## YOUR GOAL
Skip every image and restate the data word for word.

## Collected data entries
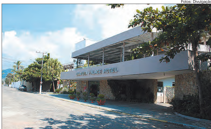
O Ubatuba Palace Hotel promove seu 4º Festival Gastronômico para aquecer a temporada de inverno na praia e para quem curte aventura o hotel tem parceria com agências que levam para trilhas, ilhas e roteiros de arte e cultura

O Ubatuba Palace hotel possui excelente infraestrutura, até mesmo para curtir os dias chuvosos. Com mais de 4500 m² de áreas sociais e de lazer possui apartamentos equipados com ar condicionado, TV com canais por assinatura, frigobar, telefone acesso à internet via wi fi em todas as dependências do hotel. Possui salão de jogos com snookers, cartas e ping pong, playground, fitness center, sauna, piscinas para adultos e
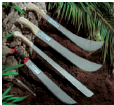
Uno de los productos estrella de la marca Muller es el nuevo formón con mango bimatierial.
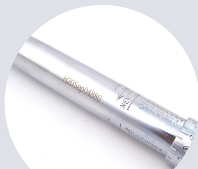
Numer identyfikacyjny Identification number
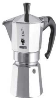
Слика 2 Мока
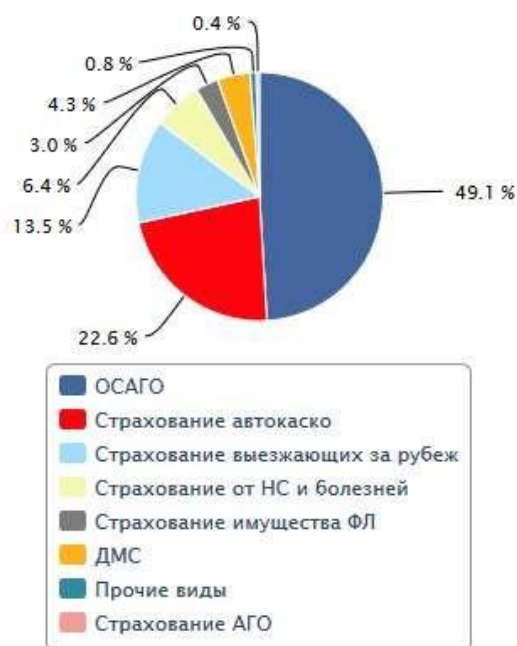
График 5. Структура директ-страхования по видам страхования, 1 полугодие 2016 года
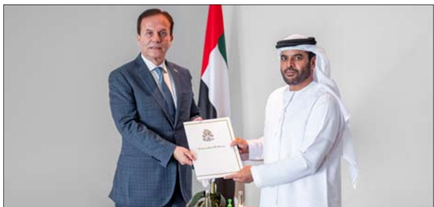
محمد بن زايد آل نهيان رئيس الدولة "حفظه الله".
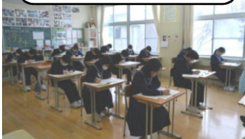
2年A組：県学習状況調査
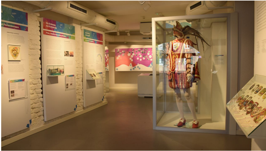
Karnevalskabinett in Monheim am Rhein
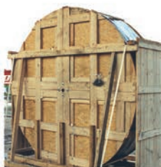
■ Sistema portacavi completo con imballo idoneo al trasporto
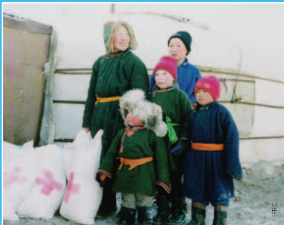
▲ Talvi voi olla julma jurttaslummeissa. Lämpötila laskee Mongoliassa ajoittain alle -50 asteeseen.

▶ Aiemmin tänä vuonna Suomen Punainen Risti lähetti Mongoliaan 15 tonnia talvi-vaatteita.
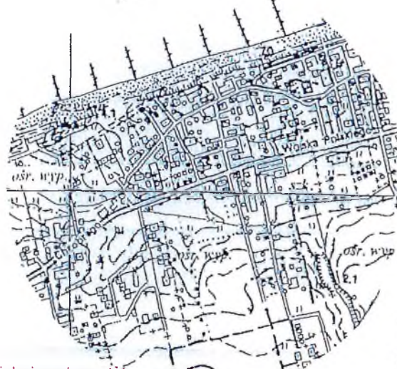
Wykaz zmian gruntowych
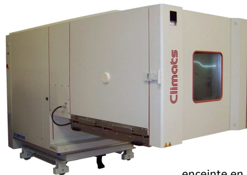
enceinte en position basse

Posée sur 2 rails de 5 m parfaitement alignés, cette enceinte - destinée au secteur de l'électronique - reste mobile sur 2 axes afin de dégager aisément l'espace de travail pour la préparation des tests.

## TASK ANSWER
O Ubatuba Palace Hotel promove seu 4º Festival Gastronômico para aquecer a temporada de inverno na praia e para quem curte aventura o hotel tem parceria com agências que levam para trilhas, ilhas e roteiros de arte e cultura

O Ubatuba Palace hotel possui excelente infraestrutura, até mesmo para curtir os dias chuvosos. Com mais de 4500 m² de áreas sociais e de lazer possui apartamentos equipados com ar condicionado, TV com canais por assinatura, frigobar, telefone acesso à internet via wi fi em todas as dependências do hotel. Possui salão de jogos com snookers, cartas e ping pong, playground, fitness center, sauna, piscinas para adultos e
Uno de los productos estrella de la marca Muller es el nuevo formón con mango bimatierial.
Numer identyfikacyjny Identification number
Слика 2 Мока
График 5. Структура директ-страхования по видам страхования, 1 полугодие 2016 года
محمد بن زايد آل نهيان رئيس الدولة "حفظه الله".
2年A組：県学習状況調査
Karnevalskabinett in Monheim am Rhein
■ Sistema portacavi completo con imballo idoneo al trasporto
▲ Talvi voi olla julma jurttaslummeissa. Lämpötila laskee Mongoliassa ajoittain alle -50 asteeseen.

▶ Aiemmin tänä vuonna Suomen Punainen Risti lähetti Mongoliaan 15 tonnia talvi-vaatteita.
Wykaz zmian gruntowych
enceinte en position basse

Posée sur 2 rails de 5 m parfaitement alignés, cette enceinte - destinée au secteur de l'électronique - reste mobile sur 2 axes afin de dégager aisément l'espace de travail pour la préparation des tests.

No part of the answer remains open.